Lung alveolar regeneration by p16 deletion in alveolar epithelial cells - 17/02/23

Alveolar regeneration involves dynamic changes of a major progenitor cell in alveoli, alveolar type 2 cells (AT2) that may be altered in alveolar diseases such as emphysema. Targeting p16, a cell cycle inhibitor involved in stem cell fate, in AT2 could be a way to restore AT2 plasticity and promote alveolar regeneration.

In vivo, morphological analysis (mean linear intercept), AT2 (pro-SpC) number and KRT8+ cells were quantified in wild type (WT) or p16-/- mice at D21, D90 and D150 after elastase (lung destruction) or PBS instillation. In vitro alveolar organoids were used to test the regenerative properties of EpCAM+ cells (from p16-/- or WT mice lung). Number and size of organoids were quantified at D14 of culture. bgalactosidase staining was used to quantified senescence. Senolytics (Dasatinib+Quercetin) were used in vitro on organoids and in vivo between D21 and D90 (5/7days) after elastase instillation. Single cell RNAsequencing was used to determine EpCAM+ cells associated with a regenerative process in the lung and organoids.

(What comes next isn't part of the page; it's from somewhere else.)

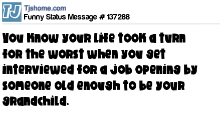 X says You know your life took a turn for the worst when you get interviewed for a job opening by someone old enough to be your grandchild.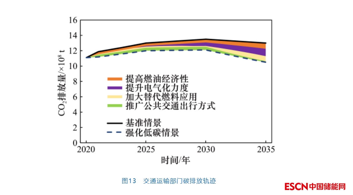 交通運(yùn)輸部門是化石能源消耗和CO2排放增長(zhǎng)最快的領(lǐng)域之一。降低交通運(yùn)輸部門碳排放的主要技術(shù)措施包括:通過(guò)能效提升提高各類交通運(yùn)輸工具的燃油經(jīng)濟(jì)性,降低各類運(yùn)輸工具的運(yùn)行能耗;加大交通運(yùn)輸工具的電氣化程度,擴(kuò)大電動(dòng)車和混合動(dòng)力的應(yīng)用規(guī)模和范圍;發(fā)展燃料乙醇、生物柴油、燃料電池、可再生能源制氫及可再生合成燃料等替代技術(shù),加大替代燃料的應(yīng)用;大力發(fā)展公共交通,推廣公共出行方式(見(jiàn)圖13)。2025年前,提高燃油經(jīng)濟(jì)性、推廣公共交通是交通部門脫碳的主要路徑;2030年左右,提升電氣化力度將促進(jìn)交通部門進(jìn)一步脫碳;2035年新能源汽車保有量占乘用車比例將超過(guò)25%,電力占交通能源消費(fèi)總量比例將超過(guò)22%。隨著合成替代燃料技術(shù)的成熟以及以新能源為主體的電力系統(tǒng)逐步建成,2035年后可再生燃料替代將在交通運(yùn)輸領(lǐng)域減碳上發(fā)揮關(guān)鍵作用。此外,交通運(yùn)輸部門還需進(jìn)一步通過(guò)加快大宗貨物和中長(zhǎng)距離貨物運(yùn)輸?shù)摹肮D(zhuǎn)鐵”“公轉(zhuǎn)水”等方式優(yōu)化運(yùn)輸結(jié)構(gòu),加快發(fā)展智慧交通,提高運(yùn)輸組織效率。

In vivo, p16 was overexpressed in AT2 of WT mice with a lung destruction compared to control. Deletion of p16 was not protective for alveolar architecture at D21 in the elastase model, but p16-/- mice had less alveolar destruction than WT mice at D90 and D150, highlighting a regeneration process occurring after D21. At D21, p16 deletion in elastase mice was associated with an increase in number of AT2, increase of pro-SPC+KRT8+ cells and decrease of senescence. Organoids made with epithelial cells from injured lung of WT mice were fewer and smaller than PBS injected mice. Number and size of organoids made with lung epithelial p16-/- elastase mice cells were more numerous and bigger than organoids made with EpCAM+ WT elastase mice. Supplementation of organoids medium with senolytics decrease bgalactosidase staining of organoids and increase the number and size of organoids. Senolytics in vivo demonstrate a regenerative alveoli process occurring in a curative manner between D21 and D90. Single cell analysis showed an increase, exclusively in p16-/- emphysematous lung, of a specific cluster of AT2 cells expressing KRT8 that need to be described more precisely.

Targeting p16 may reverse alveolar epithelial cell dysfunction and increases endogenous alveolar regeneration by increase a new subpopulation of AT2 characterized by KRT8+ markers and associated with p16possenescent cells elimination.